- WHAT TO PRODUCE
Everything from the line holding "EL PUEBLO Gestalar" through the last line of the records should be repeated word for word, and pictures should be omitted.
━━━━━━━━━━━━━━━━━━━━━━━━━━━━━━
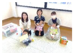
生東「なかよしクラブ」
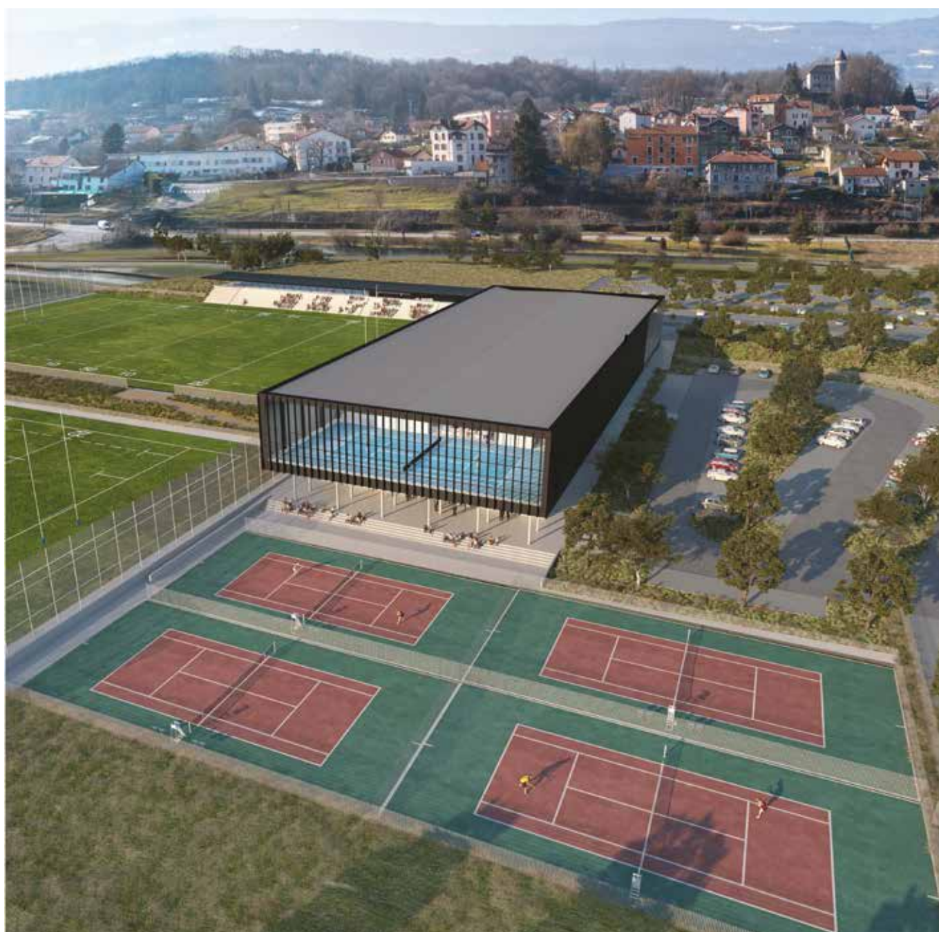
LA PLAINE D'ARLOD

« Ce dossier pèse près de 18 millions d'Euros hors taxe, maîtrise d'œuvre comprise. Deux axes de financement :
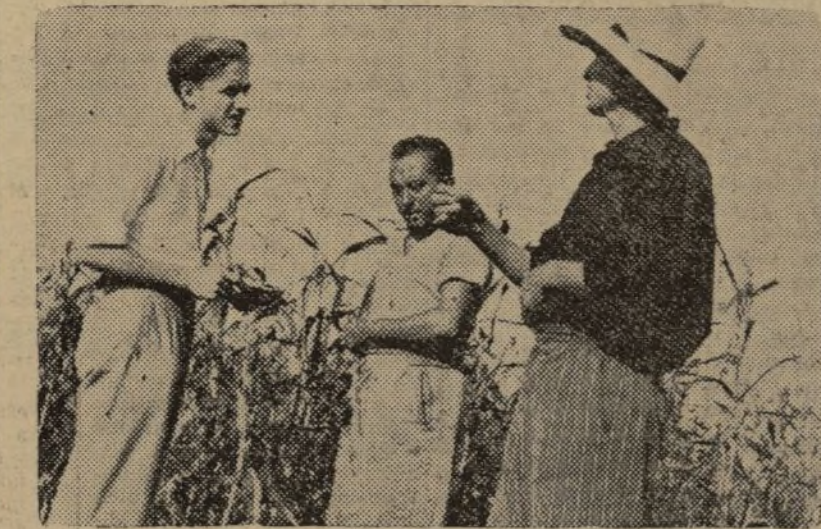
NUESTRO COLABORADOR ESCUCHA A LOS CAMPESINOS COMO SE VERIFICA LA TRANSFORMACION

EL PUEBLO Gestalar —metido entre montes— con sus casitas viejas de techumbres podridas, semeja el rincón
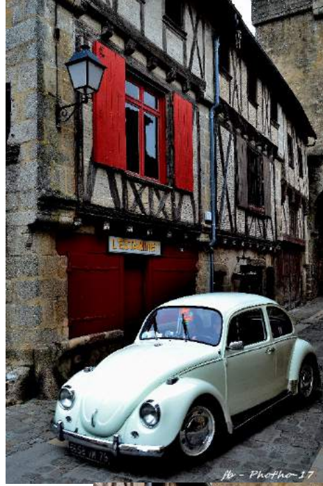
fb - Photo 17
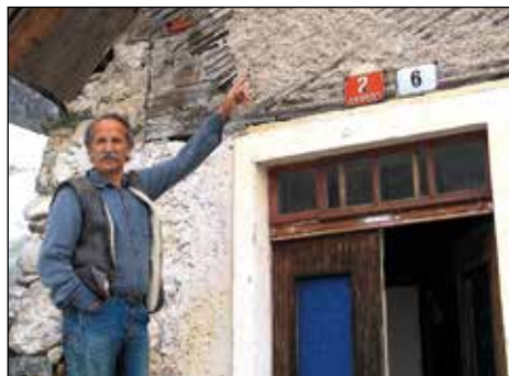
"Hiši bom vrnil njen prvotni videz."

Teta si je zelo očitno oddahnila, ker so bili kandidati za hišo tudi družina s Štajerske, ki so pri njej stanovali oz. jim je stric na vrhu naredil sobico in so zelo
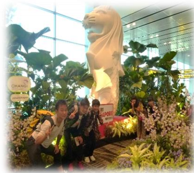
マーライオンのオブジェと
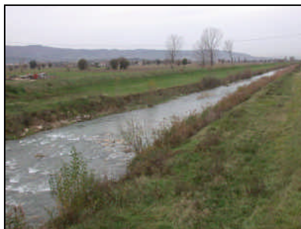
Confluenza con il fiume Topino
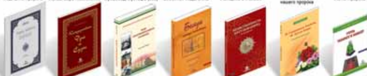
Учить читать Коран
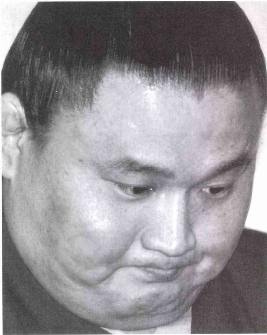
横綱引退の記者会見 (1・20 両国国技館)
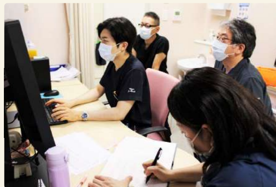
(朝のカンファの様子 常勤医4名)
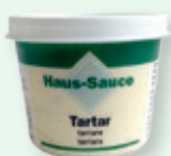
Diverse Haus-Saucen , z.B. Tartar, 110 ml, 2.80
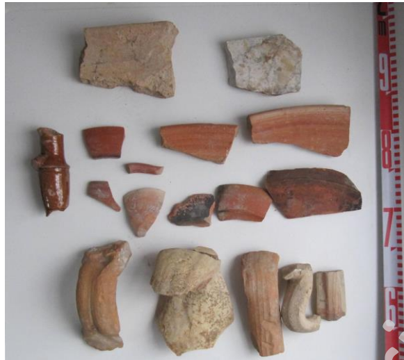
Fig. 5. Material asociado a la capa descrita anteriormente.
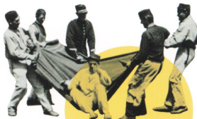
毛布による肩上げ
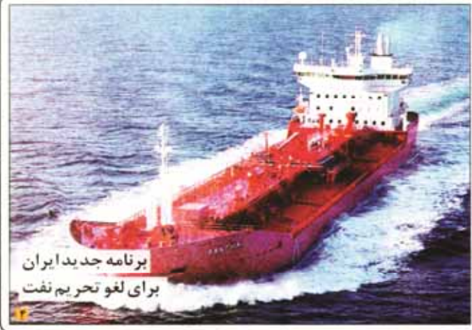
برنامه جدید ایران برای لغو تحریم نفت

انتقال آب به دریای اروپا کلید خورد. مشرف وزیر امور خارجه گفت: انتقال آب به دریای اروپا کلید خورد. مشرف وزیر امور خارجه گفت: انتقال آب به دریای اروپا کلید خورد. مشرف وزیر امور خارجه گفت: انتقال آب به دریای اروپا کلید خورد.
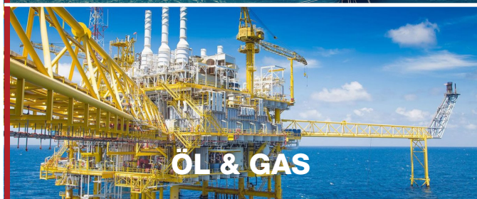
ÖL & GAS
━━━━━━━━━━━━━━━━━━━━━━━━━━━━━━
- RESULT BELOW
EL PUEBLO Gestalar —metido entre montes— con sus casitas viejas de techumbres podridas, semeja el rincón
fb - Photo 17
"Hiši bom vrnil njen prvotni videz."

Teta si je zelo očitno oddahnila, ker so bili kandidati za hišo tudi družina s Štajerske, ki so pri njej stanovali oz. jim je stric na vrhu naredil sobico in so zelo
マーライオンのオブジェと
Confluenza con il fiume Topino
Учить читать Коран
横綱引退の記者会見 (1・20 両国国技館)
(朝のカンファの様子 常勤医4名)
Diverse Haus-Saucen , z.B. Tartar, 110 ml, 2.80
Fig. 5. Material asociado a la capa descrita anteriormente.
毛布による肩上げ
برنامه جدید ایران برای لغو تحریم نفت

انتقال آب به دریای اروپا کلید خورد. مشرف وزیر امور خارجه گفت: انتقال آب به دریای اروپا کلید خورد. مشرف وزیر امور خارجه گفت: انتقال آب به دریای اروپا کلید خورد. مشرف وزیر امور خارجه گفت: انتقال آب به دریای اروپا کلید خورد.
ÖL & GAS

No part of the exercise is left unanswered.